__Data extract__
• • •

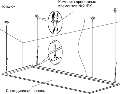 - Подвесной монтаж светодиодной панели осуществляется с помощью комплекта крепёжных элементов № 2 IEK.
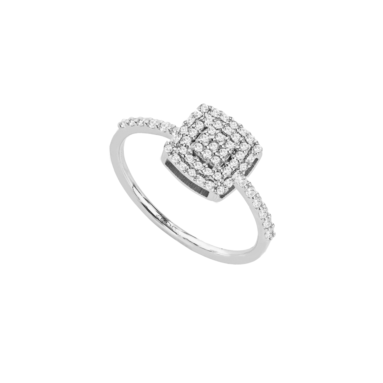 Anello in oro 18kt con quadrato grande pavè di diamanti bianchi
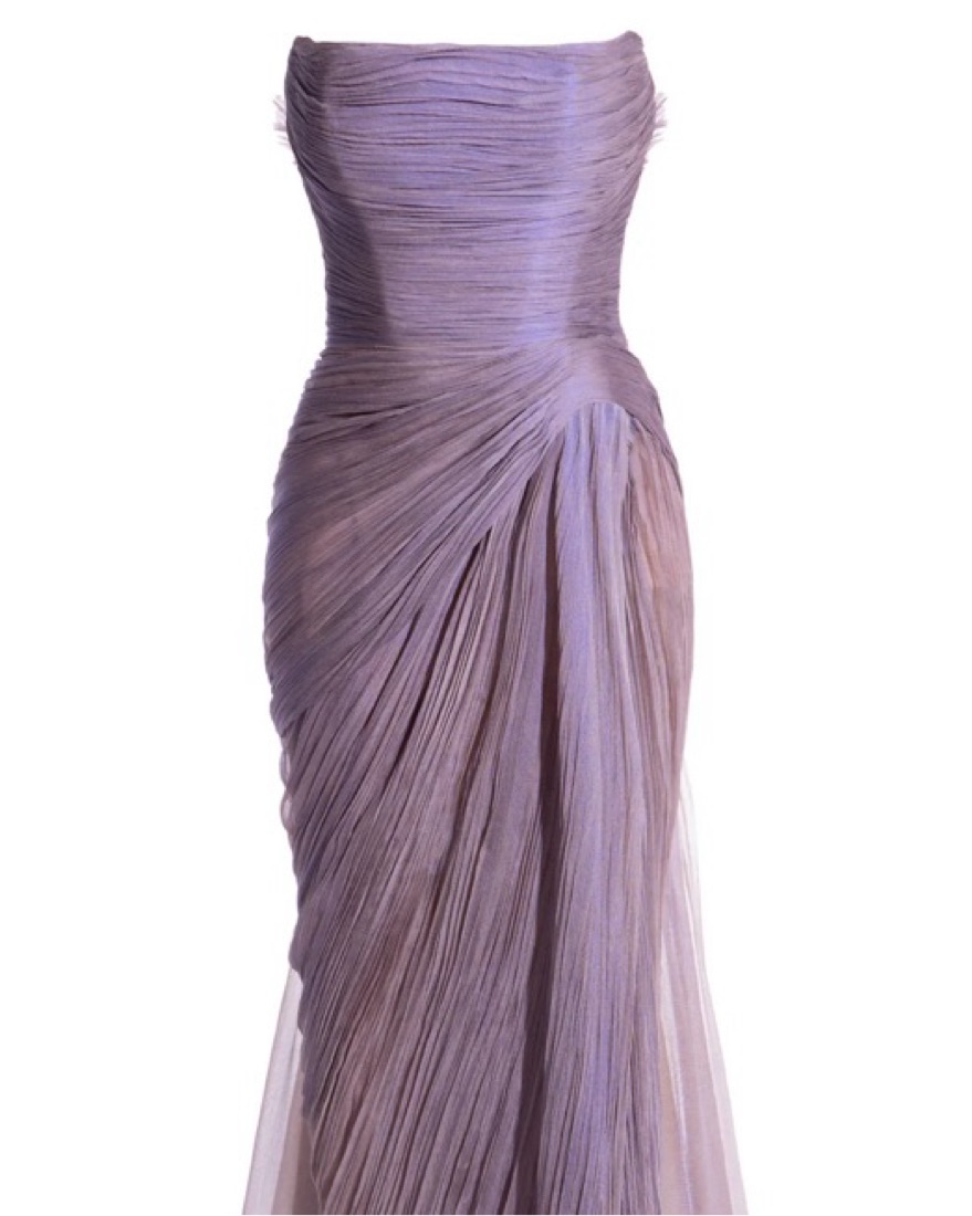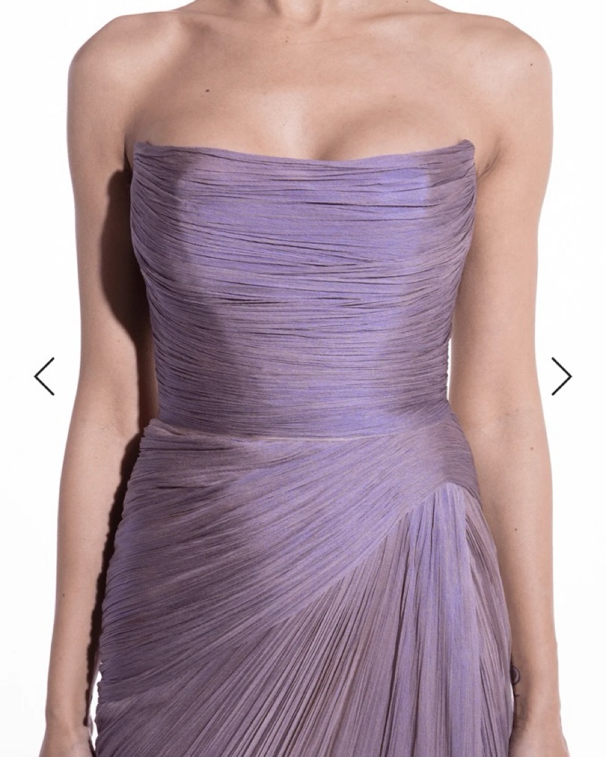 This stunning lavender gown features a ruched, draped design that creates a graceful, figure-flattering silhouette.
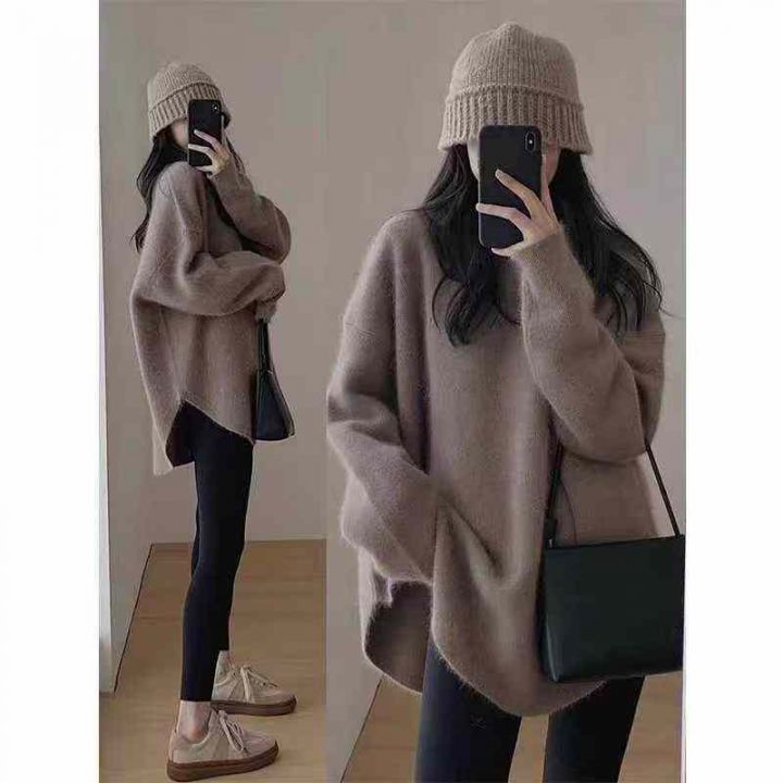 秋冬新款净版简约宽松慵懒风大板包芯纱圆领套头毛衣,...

• • •

__What to do__
Each line of the data above should be reproduced without alteration, and no picture should appear in the copy.

__Answer below__
 - Подвесной монтаж светодиодной панели осуществляется с помощью комплекта крепёжных элементов № 2 IEK.
 Anello in oro 18kt con quadrato grande pavè di diamanti bianchi
 This stunning lavender gown features a ruched, draped design that creates a graceful, figure-flattering silhouette.
 秋冬新款净版简约宽松慵懒风大板包芯纱圆领套头毛衣,...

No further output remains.